President Xi in Alaska, reforming Baltimore's police and political chaos in Venezuela

Donald Trump and Jeff Sessions’ First Shot in Their War on Police Reform Was a Misfire

Baltimore solicitor David Ralph said that when the city, police department and federal government negotiated the plan, it was created to fight crime, protect civil rights and fix community trust with officers.

In a statement Friday, police officials say "we look forward to engaging with the community and the court in the process of selecting an independent monitor".

Baltimore's agreement calls for additional training for officers and discourages them from arresting people for minor offenses such as traffic infractions or loitering. It also overhauls the way the department handles encounters with mentally ill residents and with sexual assault cases. This will support and, in fact, accelerate many needed reforms in the areas of training, technology and internal accountability systems.

That stance flies in the face of decades of experience in policing reform, civil rights litigation and successful consent decrees.

A federal judge signed off Friday on the consent decree between the city and the U.S. Justice Department.

Sessions, the nation's top law enforcement officer, is skeptical of the Department of Justice civil rights investigations of local police.

U.S. Attorney General Jeff Sessions, appointed by President Donald Trump, again criticized the consent decree, saying that he has "grave concerns" about the agreement negotiated by the Obama administration.

Sessions emphasized that Baltimore is facing "a violent crime crisis". The Obama Justice Department opened roughly two dozen investigations into police departments and 14 of them ended in consent decrees, in citieslike Chicago; Ferguson, Missouri; Miami; Cleveland; Albuquerque, N.M.; and Newark, N.J.

The 2016 report found evidence of systemic racism in the Baltimore Police Department.

But Davis and Pugh stressed that a court-enforceable agreement will enable the department to implement those reforms.

U.S. District Judge James Bredar signed the agreement on Friday, one day after a public hearing to solicit comments from city residents. Bredar called the agreement "comprehensive, detailed and precise", and wrote in his order that it "is in the public interest" to approve it.

"The primary objective of this hearing is to hear from the public; it would be especially inappropriate to grant this late request for a delay when it would be the public who were most adversely affected by a postponement", he wrote.
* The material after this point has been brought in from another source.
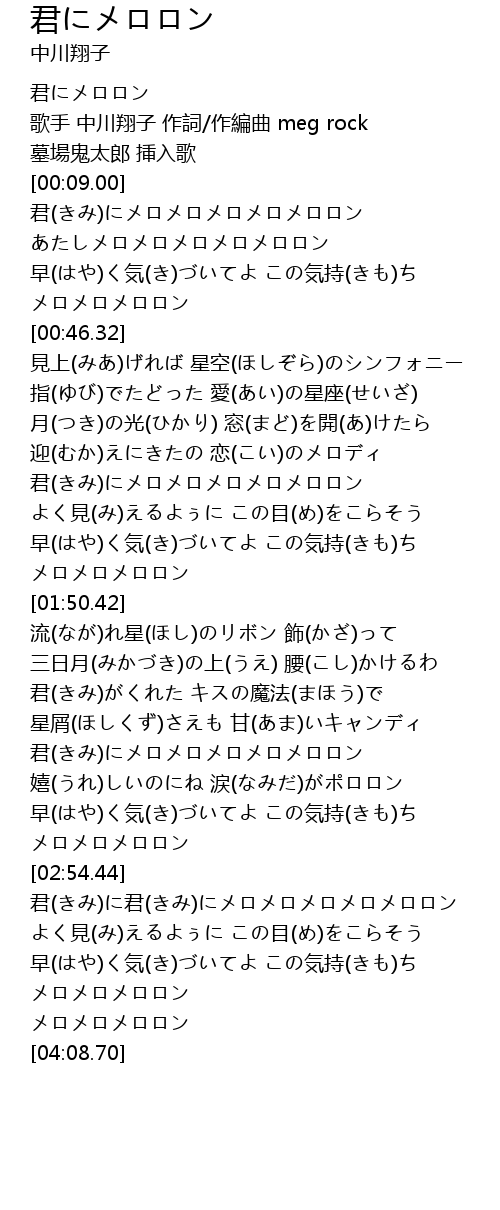 | [02:22.75] | 君(きみ)にメロメロメロメロメロロン |

The Justice Department wants the judge to delay signing the agreement.

The letter goes on to state: "S$3 hould the Department of Justice seek changes to the terms of existing policing consent decrees, it would be required to justify the changes based on something more than a shift in priorities".

Under the new administration and Attorney General Sessions, we are, sadly, still waiting for that report and its important feedback.
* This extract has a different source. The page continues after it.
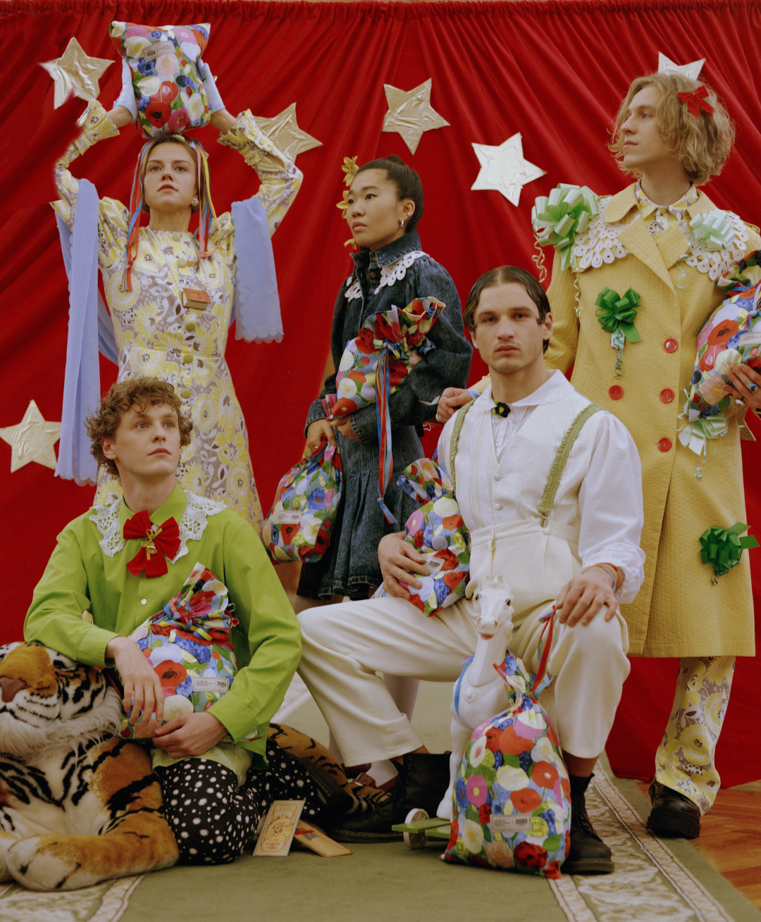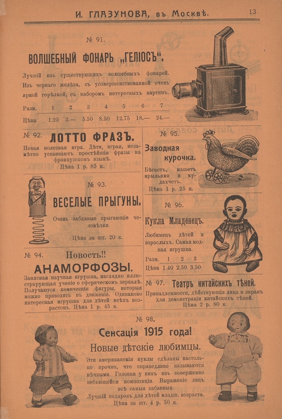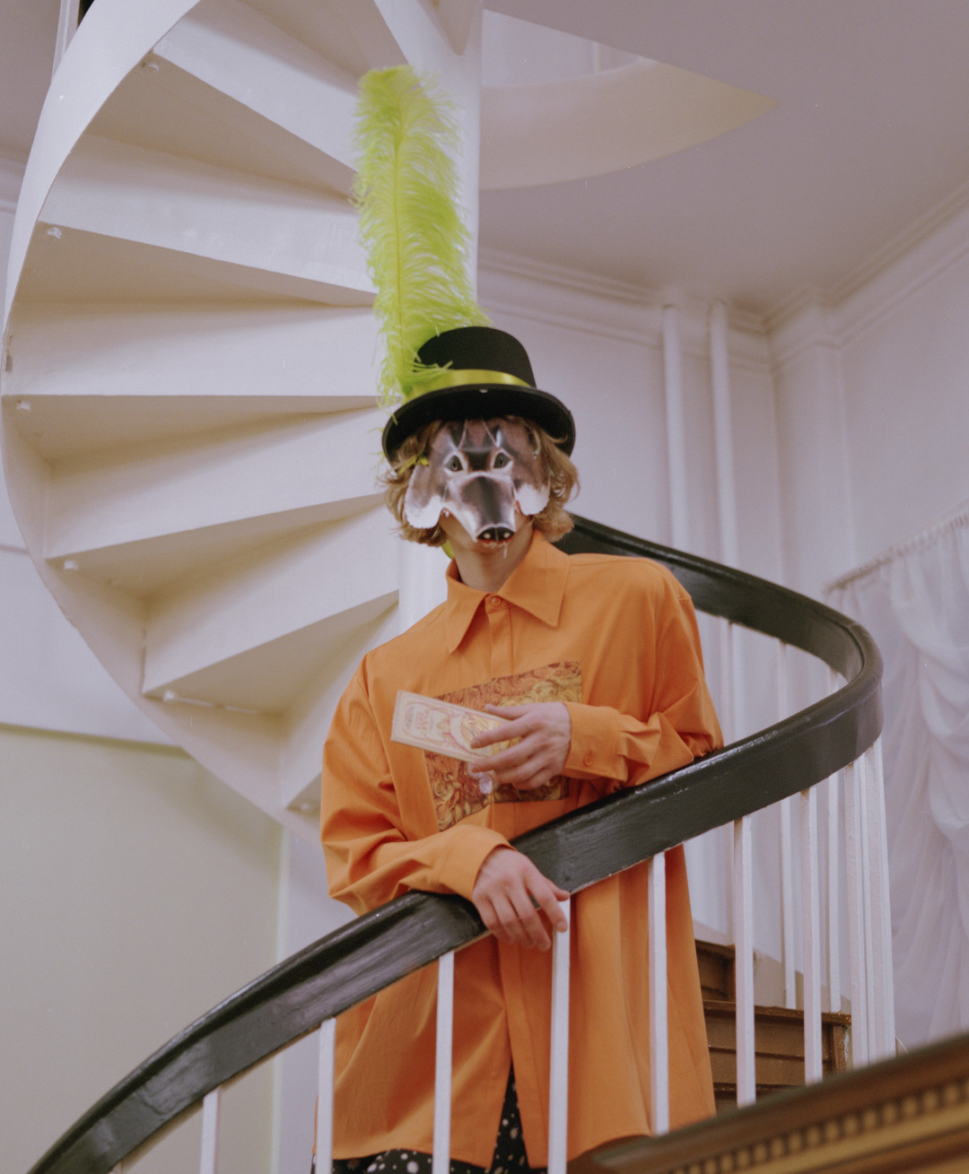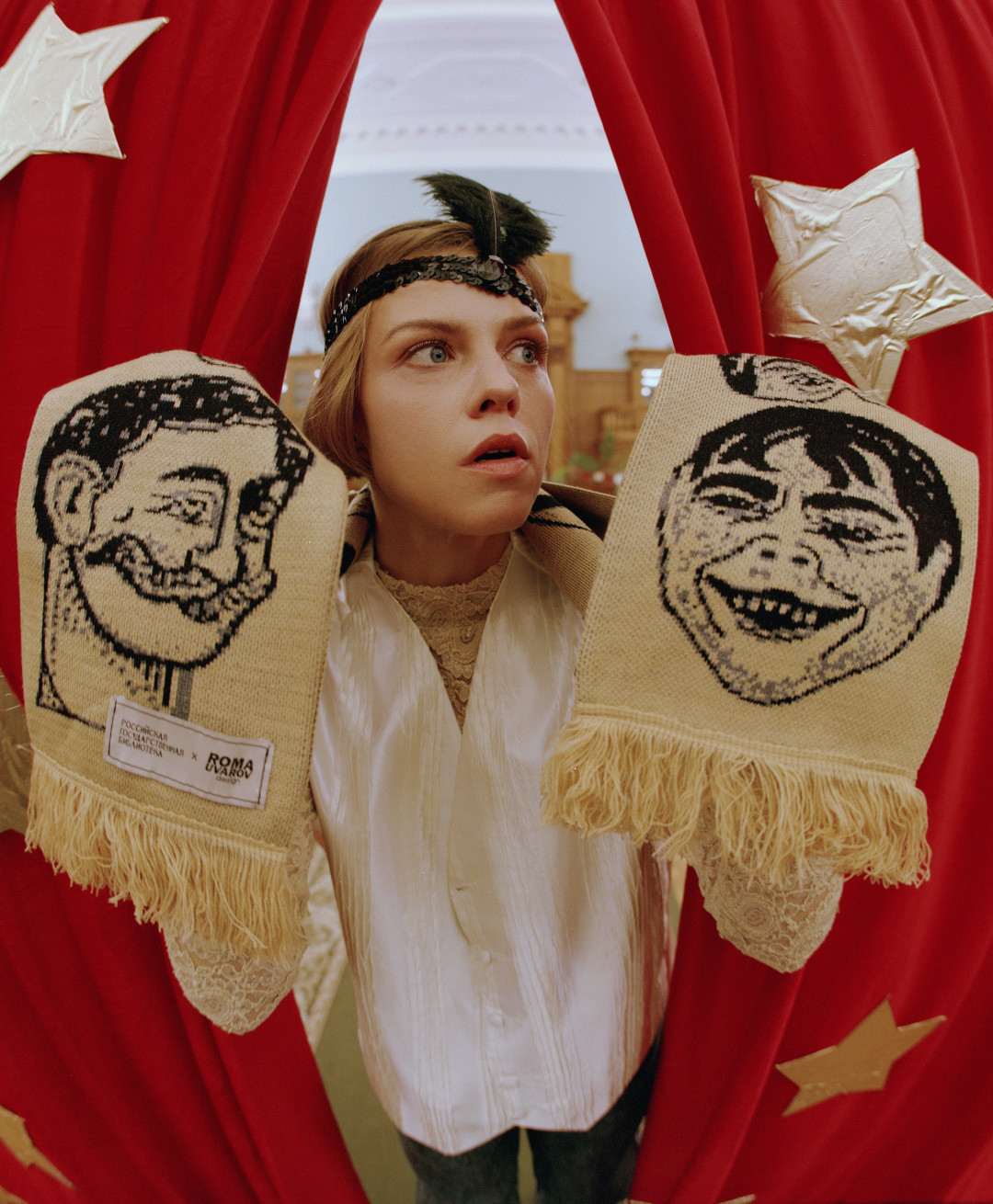 Результат погружения в визуальные коды дореволюционной эпохи — классическая картонная хлопушка с конфетти с изображением сюжета из архивного прейскуранта, упаковка для бенгальских огней — пример апсайклинга (неотъемлемой части ДНК RomaUvarovDesign) — из винтажной упаковочной бумаги, в которой в библиотеку доставляли книги и которую специально искали во всех фондах, шарф, украшенный принтом из карнавальных масок и изображениями различных персонажей, набор карнавальных масок «Сделай сам» — пример воссозданных винтажных масок с изображениями волка, тигра и совы, а также набор новогодних открыток, повторяющих дореволюционные праздничные изображения.

Baltimore-The NAACP issued a letter to Attorney General Sessions questioning the legality of announced attempts to modify consent decrees between the Department of Justice and a number of municipalities across the country and their police departments. We had eagerly anticipated the release of a report with analysis and recommendations meant to help us create a police department that was more transparent and responsive to residents' concerns, and the police chief, many leaders within his department and numerous city's elected officials had demonstrated an unwavering commitment to getting to work on these important tasks.